To succeed in your interviews, you must deeply understand the core competencies Alivi evaluates. The following areas represent the technical and analytical pillars expected of a Junior Financial Data Analyst.
Financial Data Manipulation & Excel Mastery
Because you will be handling financial records, claims, and operational costs, exceptional spreadsheet skills are non-negotiable. Alivi evaluates your ability to clean, organize, and analyze raw financial data quickly and accurately. Strong performance means moving beyond basic formulas to build dynamic, error-free models.
Be ready to go over:
- Advanced Formulas – Deep knowledge of VLOOKUP, XLOOKUP, INDEX/MATCH, and complex nested IF statements.
- Data Summarization – Building robust PivotTables and utilizing Power Query to ingest and transform messy datasets.
- Data Validation – Implementing checks and balances to ensure financial data integrity before presenting it to leadership.
- Advanced concepts (less common) – VBA macros for automating repetitive month-end reporting tasks.
Example questions or scenarios:
- "Walk me through how you would identify and resolve a discrepancy between two large financial reports."
- "Explain how you use PivotTables to summarize monthly transportation claim costs."
- "Describe a time you caught a significant data error before it reached senior management."
SQL & Database Querying
While Excel is heavily used, querying data directly from relational databases is increasingly critical. Interviewers will assess your ability to extract the exact data you need without relying on engineers. A strong candidate writes clean, efficient SQL queries that join multiple operational tables.
Be ready to go over:
- Data Extraction – Writing SELECT statements with multiple WHERE clauses to filter financial records.
- Joins & Relationships – Understanding INNER, LEFT, and RIGHT joins to combine claims data with provider payout tables.
- Aggregations – Using GROUP BY, SUM, AVG, and COUNT to generate high-level financial summaries.
- Advanced concepts (less common) – Window functions (e.g., ROW_NUMBER, RANK) to analyze month-over-month financial trends.
Example questions or scenarios:
- "Write a query to find the total payout amount for a specific transportation provider in Q3."
- "How would you join a table of patient appointments with a table of billing invoices to find unbilled trips?"
- "Explain the difference between a WHERE clause and a HAVING clause in the context of financial aggregations."

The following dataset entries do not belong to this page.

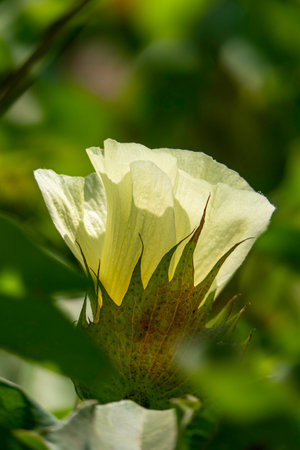 Delicate pale yellow cotton flowers close-up among green foliage. Selective focus. Israel
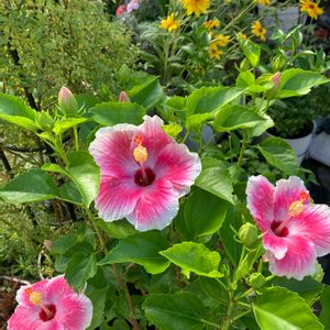 ハイビスカス🌺 3つ咲きました😊 後ろのルドベキア🌼 ひと月以上ずっと咲いてます 3年目でも元気でありがたいです٩( ᐛ )و
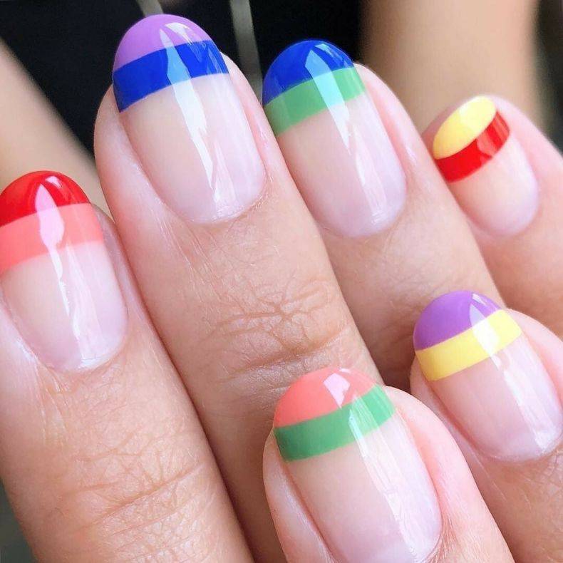 Цветными полосками, изгиб которых повторят изгиб края ногтя, можно оформить френч в виде радуги.
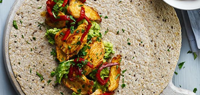 - Add the peppers to the pan to warm them up then add them to the wraps with the chicken.
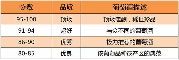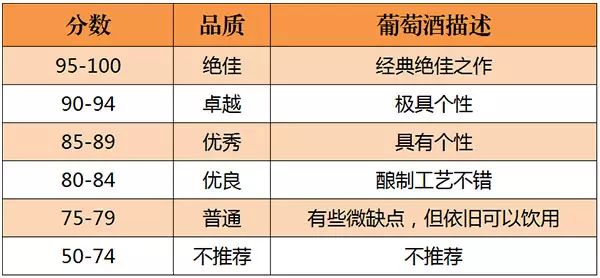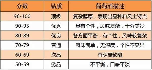 美國的《葡萄酒與烈酒》(Wine & Spirits)雜志是世界上最權威的葡萄酒雜志之一。自 1994年起,《葡萄酒與烈酒》也開始采取百分制對葡萄酒進行評分,葡萄酒首先會經過一些葡萄酒專業(yè)人士進行初次品嘗篩選,之后才會送到專業(yè)“評酒團”品評,所以該雜志評分的葡萄酒品質都不錯。評分標準如下所示:

Business Acumen & Healthcare Context
Alivi operates in a specialized sector of the healthcare industry. Your ability to connect data points to business realities is highly scrutinized. Evaluators want to see that you understand how your data analysis impacts the bottom line, operational efficiency, and patient experience.
Be ready to go over:
- Cost Analysis – Identifying trends in operational spending and suggesting areas for cost reduction.

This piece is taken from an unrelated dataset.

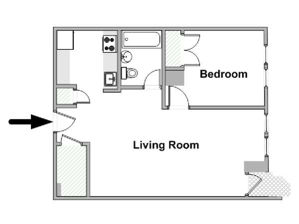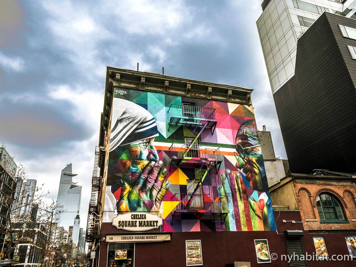 Erleben Sie Manhattans Viertel Chelsea, indem Sie diese möblierte 2-Zimmer-Wohnung mieten. Die Wohnung befindet sich in der West 15th Street zwischen 6th und 7th Avenue und liegt in der Nähe von vielen Sehenswürdigkeiten und Attraktionen in New York.

- Revenue Tracking – Understanding the lifecycle of a claim or service and how it translates to recognized revenue.
- Stakeholder Communication – Translating complex financial data into simple, actionable narratives for non-technical leaders.

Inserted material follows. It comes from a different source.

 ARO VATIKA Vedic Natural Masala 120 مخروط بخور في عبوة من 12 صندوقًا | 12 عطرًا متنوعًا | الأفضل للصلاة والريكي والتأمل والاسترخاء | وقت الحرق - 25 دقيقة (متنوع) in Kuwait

- Advanced concepts (less common) – Familiarity with healthcare compliance (HIPAA) as it relates to data handling.
Example questions or scenarios:
- "How would you explain a sudden 15% spike in transportation costs to the Director of Operations?"
- "What metrics would you look at to determine if a specific healthcare benefit program is profitable?"
- "Describe a time you used data to persuade a stakeholder to change their business strategy."